Soil C:N ratio is often regarded as an important predictor of soil net Nmin as it determines the transition from net N immobilisation to net N mineralisation16,42. However, soil C:N was not important in our study as all but one (temple.us) of our grassland soils had C:N ratios below the critical threshold of 20. Also contrary to our expectations, realised and potential soil net Nmin were both partially constrained by climatic variables. Interestingly, temperature of the wettest quarter positively influenced realised soil net Nmin, but had a negative effect on potential Nmin (Table 2, also see Fig. 5). This pattern suggests that N mineralisation may ‘acclimatise’ along climate gradients43,44: greater mineralisation occurring in a warmer and wetter climate may lead to the depletion of easily available organic N pools compared to soils from cooler climates. When incubated under constant temperature in the laboratory, mineralisation rates from substrate-depleted soils from warmer climates were less than those from soils of cold regions where labile organic N has accumulated for centuries43,44. Alternatively, physical disturbance and disruption of the soil structure caused by sieving and sample homogenisation may have more profoundly affected the samples from warmer and wetter climates. Finally, it could be that the soil microbes did not perform as well as expected in the laboratory because the 20 °C incubation temperature was considerably lower than the field temperatures during peak growing season at the warmer and wetter sites. Thus, the potentials we measured may not have represented full potential mineralisation for these sites.

Fig. 5
figure 5

Global drivers of realised soil net N mineralisation (soil net Nmin). a Structural equation modelling diagram representing connections between climatic conditions, soil physical, chemical and biological properties found to influence realised and potential soil net N mineralisation. The width of the connections represents estimates of the standardised path coefficients, with solid lines representing a positive relationship and dashed lines a negative relationship. Significant connections and R2 are shown in black, non-significant ones in light-grey. b Standardised total, direct and indirect effects of variables associated with realised soil net N min. p < 0.1, *p < 0.05, **p < 0.01, ***p < 0.001. Clay content = soil clay content, Microbial biomass = soil microbial biomass, Tvar = temperature seasonality, T.q.wet = temperature of the wettest quarter. The total number of observations = 85, the total number of sites = 30

Estimating soil net N mineralisation in grasslands worldwide

By combining the identified main drivers from the LMMs and potential net Nmin (Figs. 3 and 5, Table 1), we produced a SEM model that explained 33% (marginal R2) of the variation in realised soil net Nmin across these grasslands (Fig. 5a). This is similar to the explained variability in potential soil net Nmin measured in other studies14,16,19. The model revealed a new system-level understanding of the controls on global-scale patterns in realised net Nmin by showing that temperature of the wettest quarter, soil microbial biomass, and potential soil net Nmin (positive effects) can be directly related to realised soil net Nmin. Soils with higher clay content, which have higher soil microbial biomass, have higher potential soil net Nmin, altogether having a positive effect on realised soil net Nmin (Fig. 5a, b). The negative effect of temperature of the wettest quarter and the positive effect of temperature variability represent a legacy effect of climate on soil properties that affect potential soil net Nmin. Again, our findings were very similar when we substituted soil microbial biomass with soil organic C (Supplementary Fig. 6).
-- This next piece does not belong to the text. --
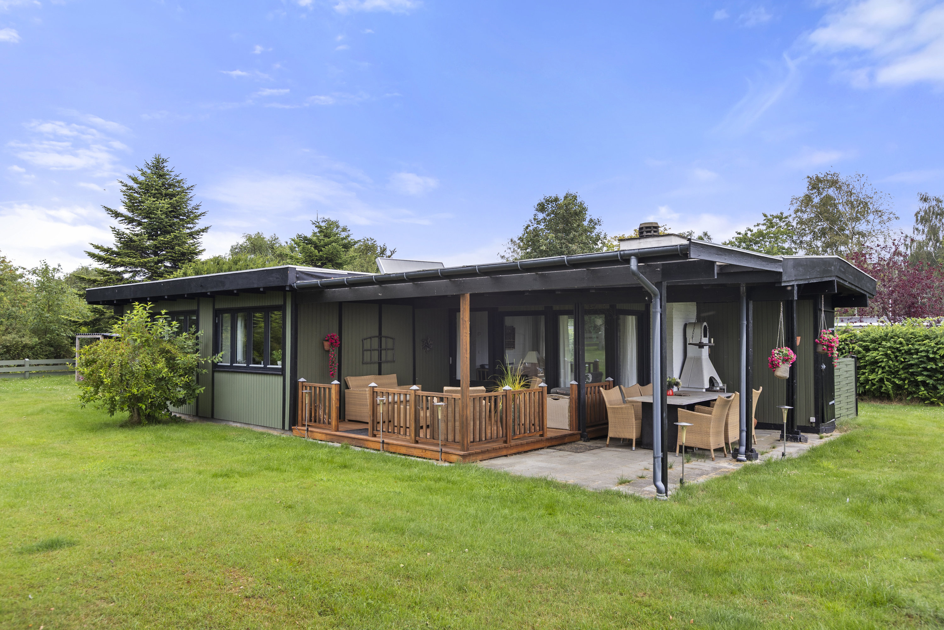 En af ejendommens absolutte perler er den overdækkede terrasse, som forlænger sommerhyggen til de sene aftentimer. Herfra kan du nyde den skønne udsigt over søen og lade dig inspirere af naturens skønhed, mens fuglene synger i baggrunden. Terrassen gør det muligt at være udenfor, uanset vejret. Grunden på hele 960 kvadratmeter tilbyder rigelig med plads til både leg og ro. Her er der potentiale for at skabe jeres helt eget lille paradis med mulighed for havedrømme og legeaktiviteter for de små eller boldspil på plænen.

This study is the first to directly and simultaneously compare realised and potential soil net Nmin across a globally relevant range of biotic and climatic conditions in grasslands. The two indices were only weakly related across these grasslands, highlighting the uncertainty in using laboratory measurements of soil net Nmin to predict rates actually occurring in the field. By combining potential soil net Nmin with specific climate and soil property data, we produced more robust estimations of realised soil net Nmin across our global set of grasslands. Thus, our results provide a first insight into how potential soil net Nmin data that is widely available in the literature could be leveraged to learn more about large-scale N mineralisation processes under field conditions. Accurately quantifying realised N mineralisation is crucial for estimating the role of increasing reactive N in ecosystem functioning. Mis-estimation of these processes could lead to errors in predicting how N limitation affects ecosystem functioning. Given the global extent of grasslands24,25 this could, in turn, substantially affect our predictions of global change-driven impacts on C cycling45. Overall, our findings suggest that management activities that alter soil compaction, nutrient content, or microbial community function may interact with future changes in temperature and precipitation regimes to severely impact the amount of N that is mineralised in grassland soils22,46.

Methods

Study sites and experimental design

The 30 study sites are part of the Nutrient Network Global Research Cooperative (NutNet [https://nutnet.umn.edu/]; Fig. 2, Supplementary Table 1 and 2). At each site, the effects of nutrient addition and herbivore exclusion treatments are examined via a random-block design28. This block design is replicated three times at the majority of the sites. For four sites, we only had data from one (1 site) and two blocks, respectively. This study is restricted to data collected from the untreated control plots (n = 85). Each 5 m × 5 m plot is divided into four 2.5 m × 2.5 m subplots. Each subplot is further divided into four 1 m × 1 m square sampling plots, one of which is set aside for soil sampling28. Plots are separated by at least 1 m wide walkways. Mean annual temperature of our sites ranged from −4 to 19 °C, mean annual precipitation from 252 to 1592 mm, and elevations from 6 to 4241 m above sea level (Fig. 2, Supplementary Table 1). Soil organic C varied from 0.32% to 22.30%, soil total N from 0.03% to 1.25% and the soil C:N ratio from 9.07 to 23.64 across our 30 sites. Also soil clay content (3.0–53.3%) and soil pH (3.25–7.71) spanned a large gradient across the 30 sites (Supplementary Table 2). Thus, our 30 sites cover a wide range of grasslands globally that are typical for the respective region (Fig. 2, Supplementary Tables 1 and 2).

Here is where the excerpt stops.